Under the leadership of Thurlow Weed, an anti-Masonic and anti-Andrew Jackson (Jackson was a Mason) movement grew to become the Anti-Masonic Party and made the ballot for the presidency in 1828 while gaining the support of such notable politicians as William H. Seward. Its influence was such that other Jackson rivals, including John Quincy Adams, denounced the Masons. In 1847, Adams wrote a widely distributed book titled Letters on the Masonic Institution that was highly critical of the Masons. In 1832, the party fielded William Wirt as its presidential candidate. Wirt was secretly a Freemason, and even gave a speech at the Anti-Masonic convention defending the organization. The party only received seven electoral votes. Three years later, the party had disbanded in every state save Pennsylvania, as other issues such as slavery had become the focus of national attention.

===American Freemasons during the Civil War===
The fortunes of American Freemasonry declined sharply following the Morgan Affair, only to rebound as the force of the Anti-Masonic movement sputtered out in the mid-1830s.
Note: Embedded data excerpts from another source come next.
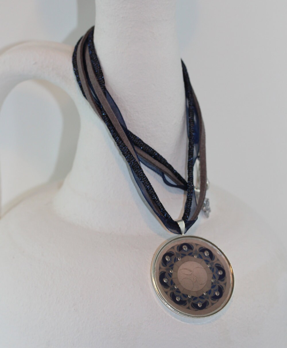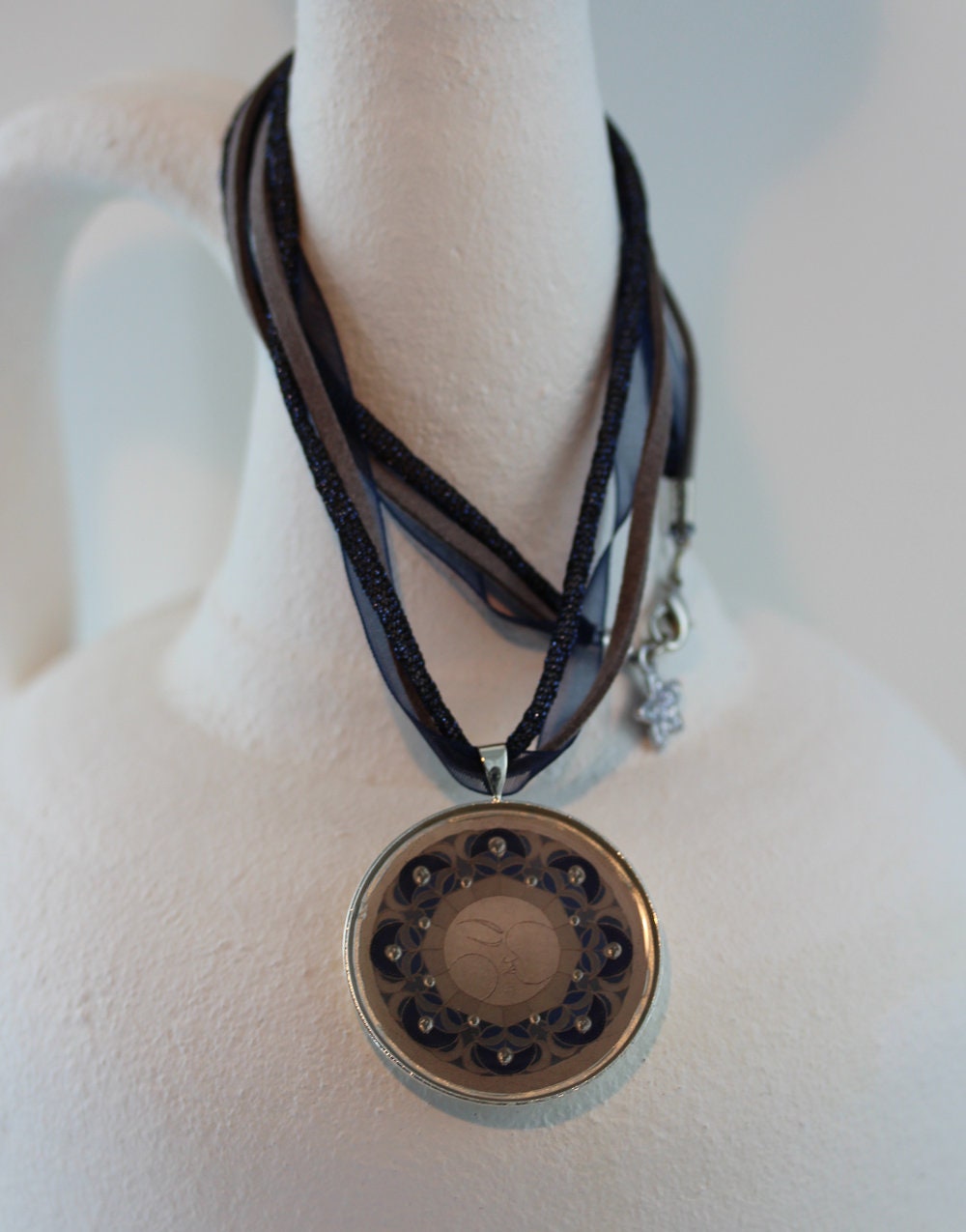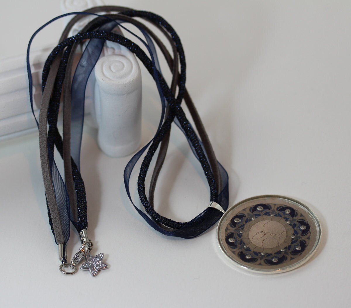 Die Materialien sind silbern legiertes Metall, Motiv unter Kunstharzguß, Künstlerfarben und Kordeln aus weichem Velours und Metallikgarn. Der Anhänger hat einen Durchmesser von 4 cm, die Kordelkette ist 50 cm lang.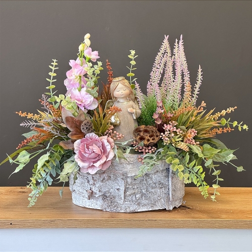 Delikatna i subtelna dekoracja nagrobna z aniołem stworzona z myślą o najmłodszych. Kompozycja łączy stonowane odcienie różu z bielą w odcieniu śmietankowym, tworząc harmonijną i pełną ciepła całość. W bukiecie zastosowano wysokiej jakości sztuczne kwiaty o naturalnym wyglądzie, w tym drobne różowe róże, hortensje oraz delikatne akcenty eukaliptusa, które nadają kompozycji lekkości i elegancji.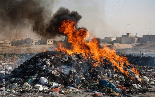 Iraq air pollution, Burning garbage pile emitting thick black smoke near buildings.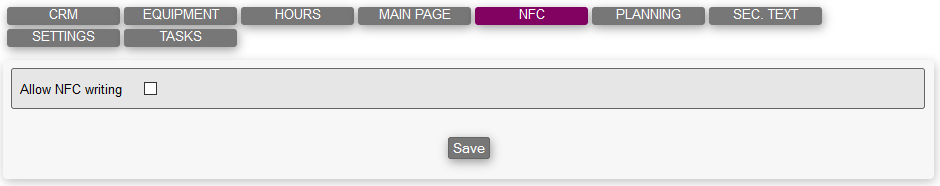 Allow NFC writing: If checked, users are allowed to make changes to Microbizz through NFC

By the late 1850s, masonry in America was the subject of renewed popular interest and lodge membership, which had bottomed out during the anti-Masonic period began to rise. By the time of the American Civil War, U.S. freemasonry tripled its membership from 66,000 to 200,000 members in over 5000 lodges nationwide. This surge in membership helps explain, at least in part, the many stories of Masonic fraternisation during the American Civil War, which include accounts of Masonic soldiers and sailors rescuing enemy combatants who identified themselves as members of the fraternity. Masonic incidents are also recorded involving Freemasons burying their own with Masonic formalities during battle, as well as aid and special treatment given to Masonic POWs.
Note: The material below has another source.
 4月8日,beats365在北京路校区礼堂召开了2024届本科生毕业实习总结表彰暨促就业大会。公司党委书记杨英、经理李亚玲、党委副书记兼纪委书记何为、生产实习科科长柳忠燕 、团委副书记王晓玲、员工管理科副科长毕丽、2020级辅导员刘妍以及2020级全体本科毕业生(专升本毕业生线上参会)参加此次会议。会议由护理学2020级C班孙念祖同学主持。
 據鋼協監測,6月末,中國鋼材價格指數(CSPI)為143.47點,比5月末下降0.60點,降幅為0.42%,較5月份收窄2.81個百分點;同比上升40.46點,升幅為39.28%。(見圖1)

After the Civil War, American Freemasonry flourished along with other fraternal organizations during the so-called "Golden Age of Fraternalism" from approximately 1870 to 1920.

===France===
In France, the number of Freemasons grew from 10,000 in 1802, when Napoleon gave it semi-official status, to 20,000 in 1889, 32,000 in 1908, 40,000 in 1926, and about 60,000 in 1936. At an early stage, nearly all the lodges were affiliated with the Radical party. Zeldin argues that in 19th century France:

Freemasonry appealed first of all to people who liked mystic ritual, esoteric symbolism and fancy uniforms, and to those who like to have somewhere to discuss ideas and meet like-minded friends. Increasingly however it became an organization which politicians used for electoral purposes in which civil servants joined in order to further their chances of promotion, which hotel-keepers found useful as a way of enlarging their clientele and where businessmen could make deals and find jobs for their sons.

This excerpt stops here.